Worse yet, it turns them into "containers", into "receptacles" to be "filled" by the teacher. The more completely she fills the receptacles, the better a teacher she is. The more meekly the receptacles permit themselves to be filled, the better students they are.
The teacher talks about reality as if it were motionless, static, compartmentalized, and predictable. Or else he expounds on a topic completely alien to the existential experience of the students. His task is to "fill" the students with the contents which are detached from reality, disconnected from the totality that engendered them and could give them significance. Words are emptied of their concreteness and become a hollow, alienated, and alienating verbosity.
The outstanding characteristic of this narrative education, then, is the sonority of words, not their transforming power. "Four times four is sixteen; the capital of Para is Belem." The student records, memorizes, and repeats these phrases without perceiving what four times four really means, or realizing the true significance of "capital" in the affirmation " the capital of Para is Belem," that is, what Belem means for Para and what Para means for Brazil.

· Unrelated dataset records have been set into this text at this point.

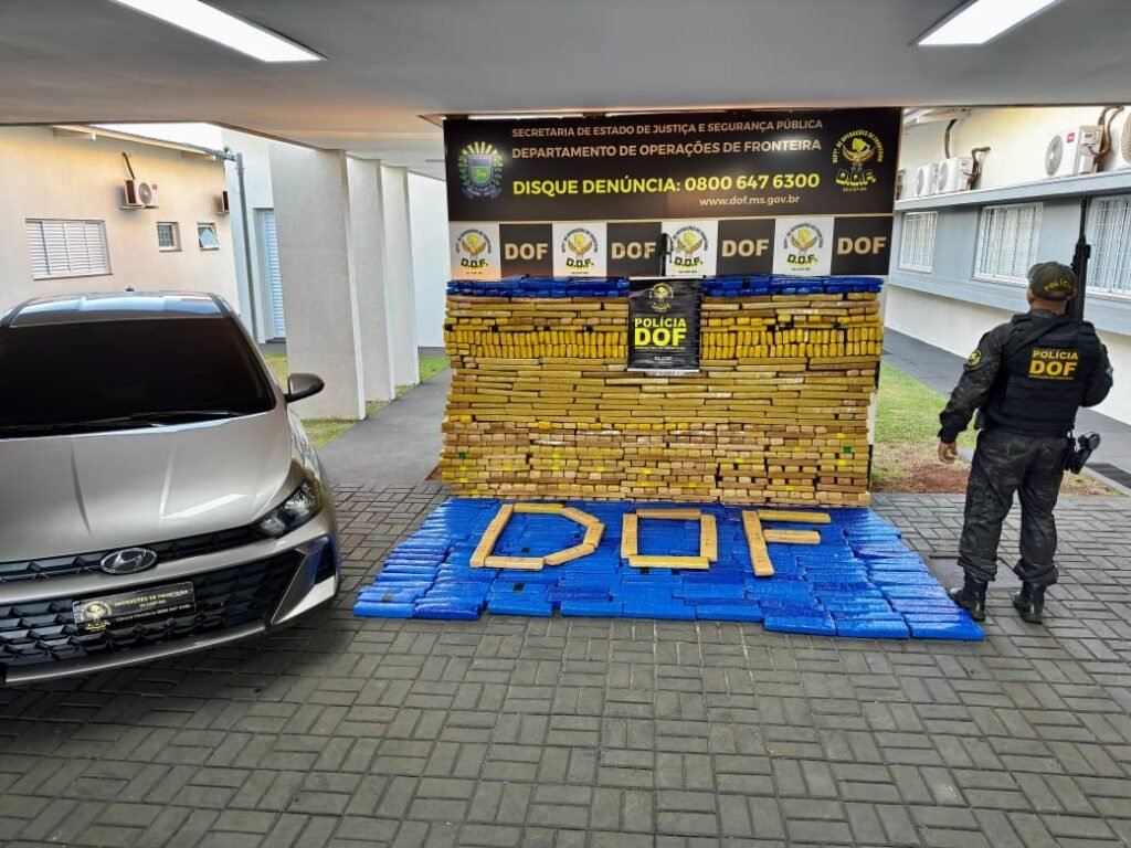DOF apreende HB20 roubado com mais de mil quilos de drogas em Dourados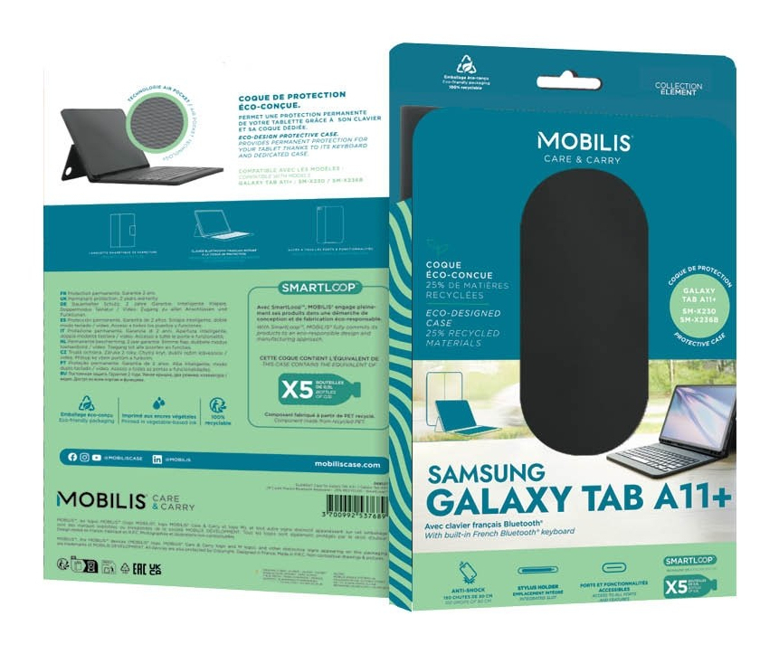 Mobilis ELEMENT Case Galaxy Tab A11+/A9+. Type etui: Folioblad, Merkcompatibiliteit: Samsung, Compatibiliteit: Galaxy Tab A11+ (SM-X230 / SM-X236B) - Tab A9+ (SM-X216R / SM-X210R / SM-X216 / SM-X210), Maximale schermgrootte: 27,9 cm (11"). Bluetooth. Gewicht: 322 g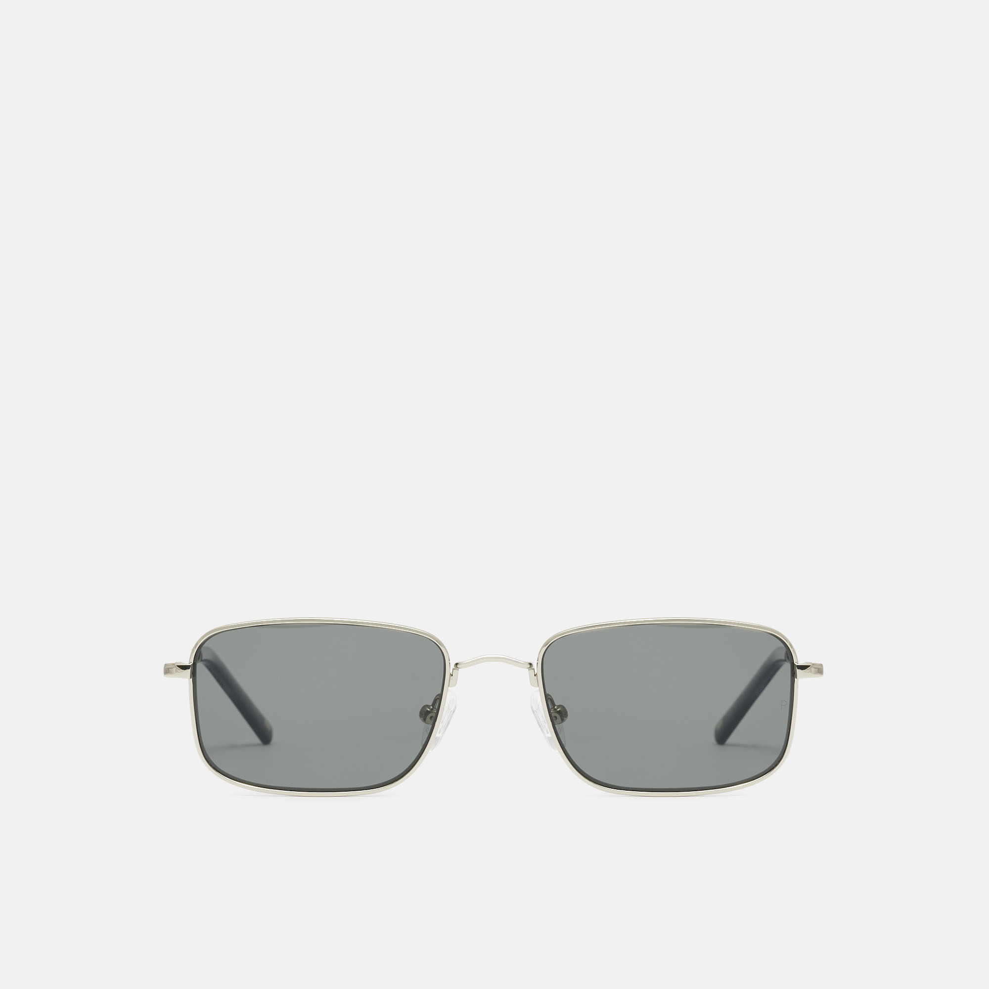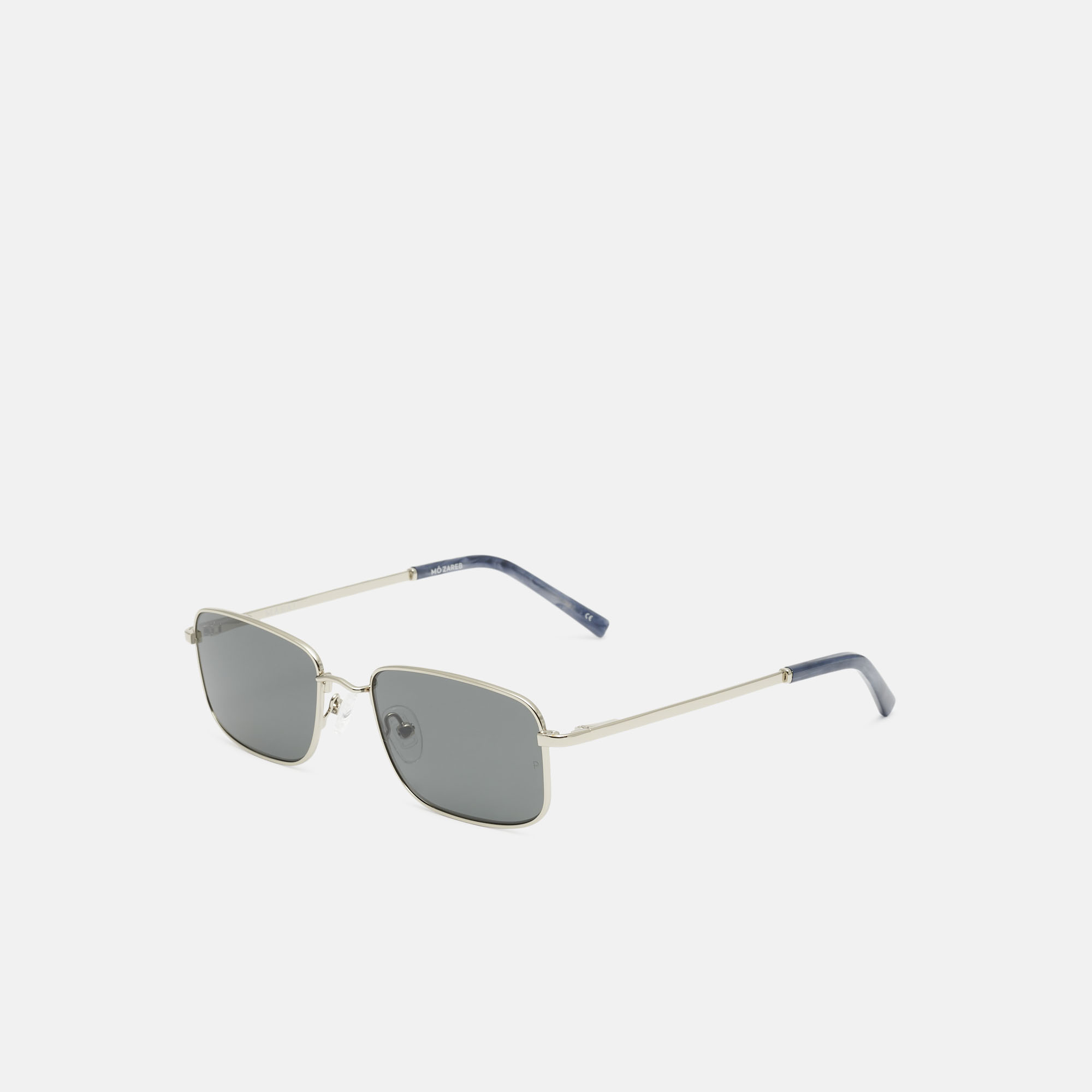 Gafas de sol de hombre fabricadas en metal plateado con montura rectangular y lentes polarizadas en color gris. La varilla cuenta con detalles en color azul que aportan elegacia y sofisticación a este modelo.

Knowledge emerges only through invention and re-invention, through the restless, impatient, continuing, hopeful inquiry human beings pursue in the worlds, with the world, and with each other.
Education must begin with the solution of the teacher-student contradiction, by reconciling the poles of the contradiction so that both are simultaneously teachers and students.

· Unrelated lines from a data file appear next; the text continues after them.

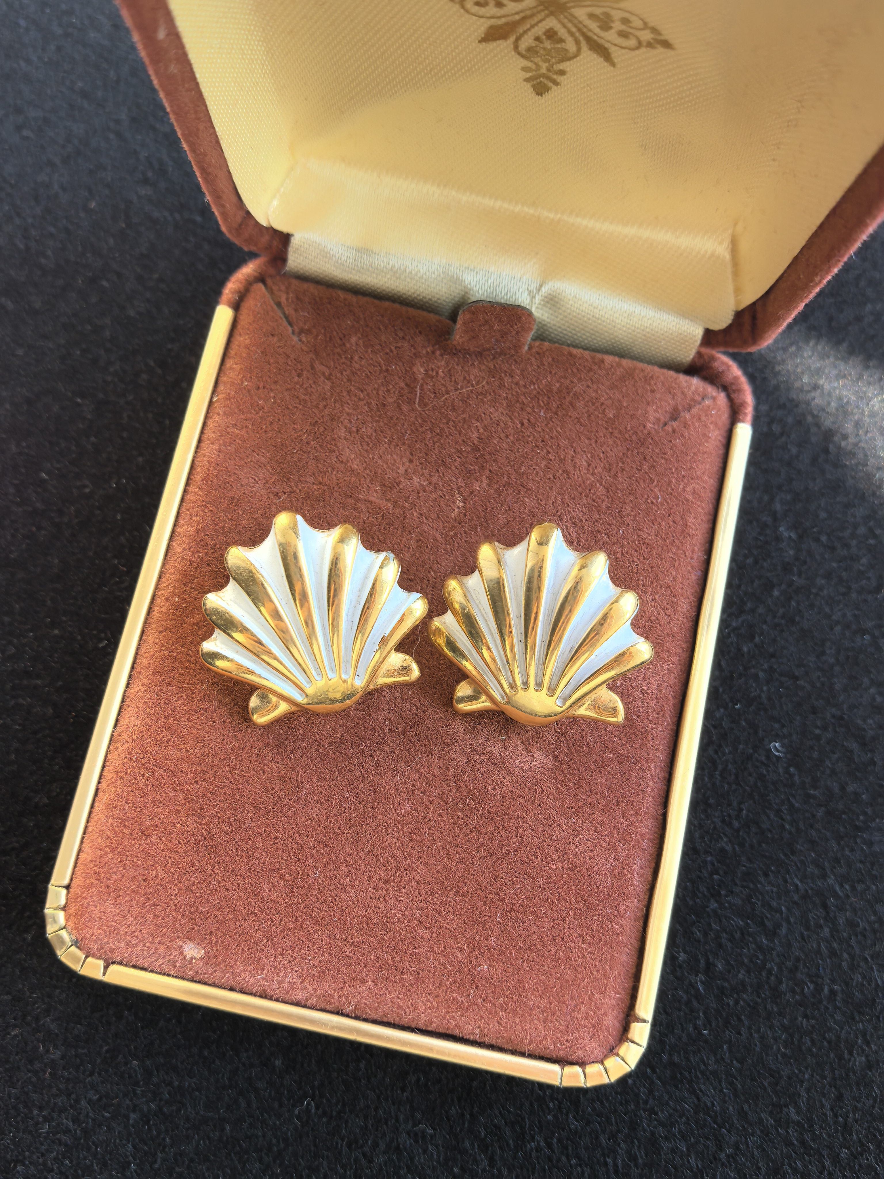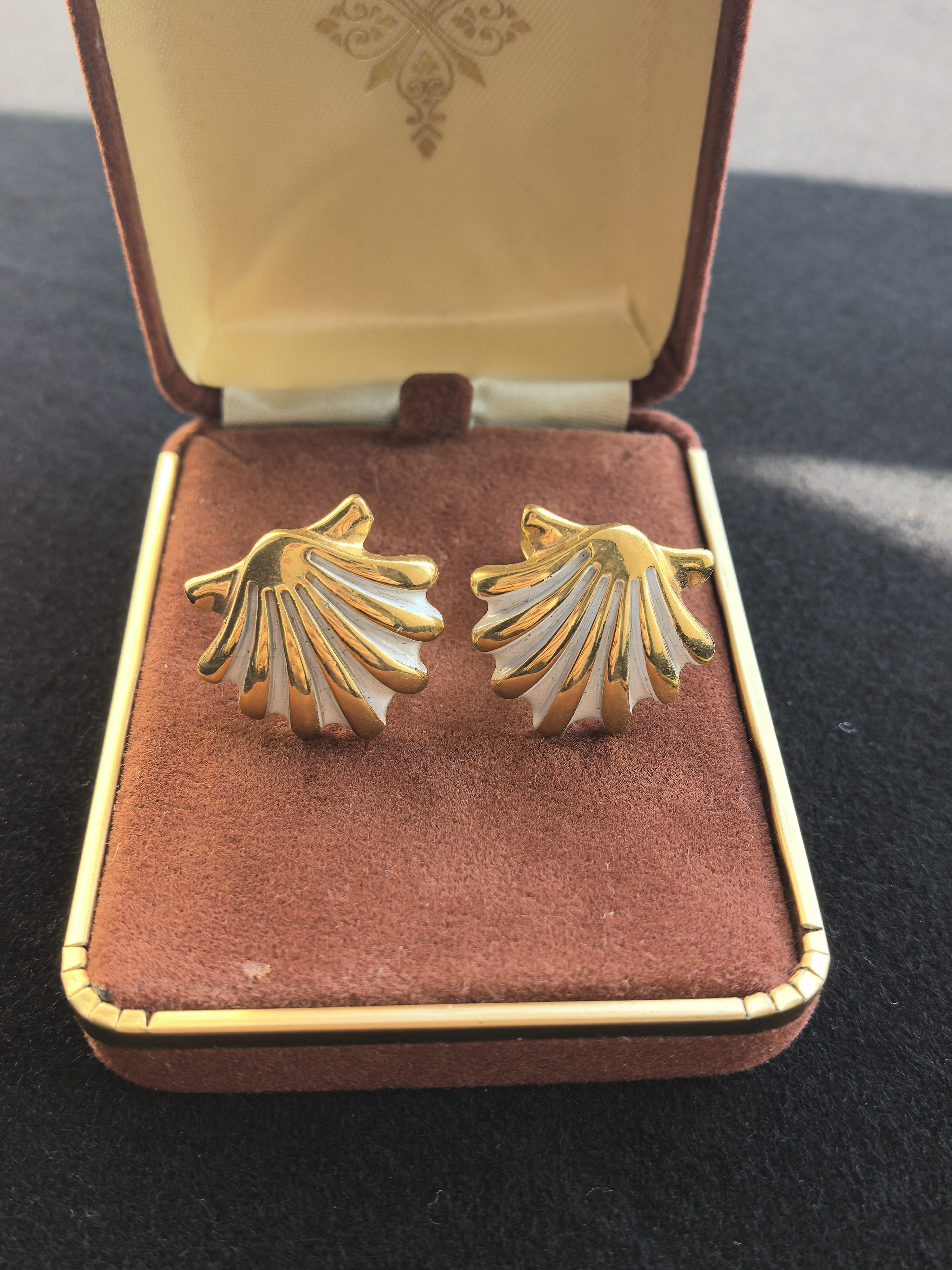 Monet素金珐琅贝壳耳夹精致OL通勤风耳夹中古Vintage - 萄萄中古首饰
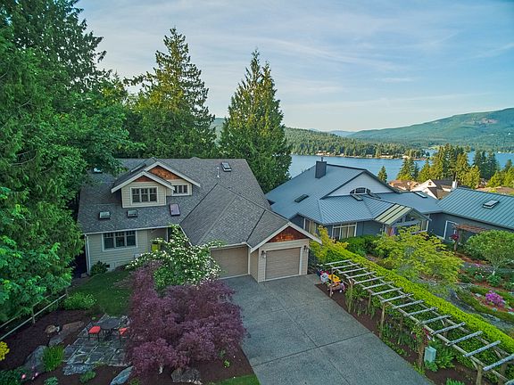Stunning Lake Whatcom view home situated on a private lot in Geneva. Enjoy the serenity of the trees and the view on a non-through street. Unique architectural features in this custom built home. Recently renovated kitchen includes new Bosch appliances. Master bedroom boasts a great lake view, private balcony, 2 walk-in closets, & a fabulous en suite. Custom solid wood doors, beautiful tile flooring, &cathedral vaulted ceilings. Listen to the babbling creek from the large private deck!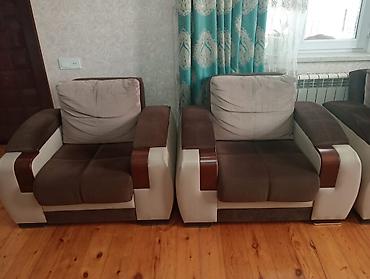 Divan və iki kreslo açılır hamısı baza var ünvan emircanQonaq otağı üçün 3 parçalı dəst: 1 üçnəfərlik divan + 2 tək nəfərlik kreslo. - Rəng: bej oturacaq/söykənəcək hissələri, tünd qəhvəyi baza və...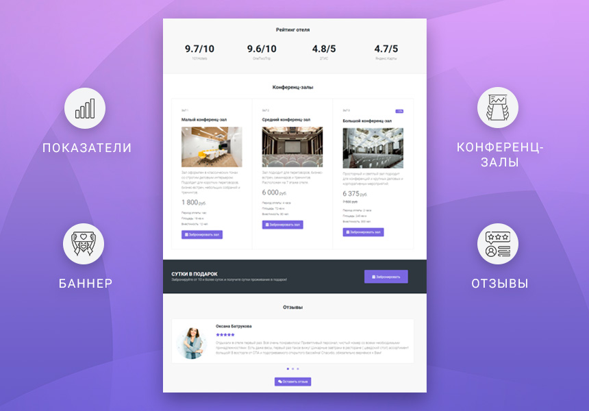 Готовый одностраничный сайт: Отель, гостиница, гостевой дом, база отдыха, хостел, санаторий

This solution is not (nor can it be) found in the banking concept. On the contrary, banking education maintains and even stimulates the contradiction through the following attitudes and practices, which mirror oppressive society as a whole:
the teacher teaches and the students are taught;
the teacher knows everything and the students know nothing;
the teacher thinks and the students are thought about;
the teacher talks and the students listen - meekly;
the teacher disciplines and the students are disciplined;
the teacher chooses and enforces his choice, and the students comply;
the teacher acts and the students have the illusion of acting through the action of the teacher;
the teacher chooses the program content, and the students (who were not consulted) adapt to it;
the teacher confuses the authority of knowledge with his or own professional authority, which she and he sets in opposition to the freedom of the students;
the teacher is the Subject of the learning process, while the pupils are mere objects.
My fear is that my daughter, who was born in 2008, will grow up and be all too familiar with Freire's list. If our children grow up and react to this list with anything less than shock and unfamiliarity, we will know that we failed them.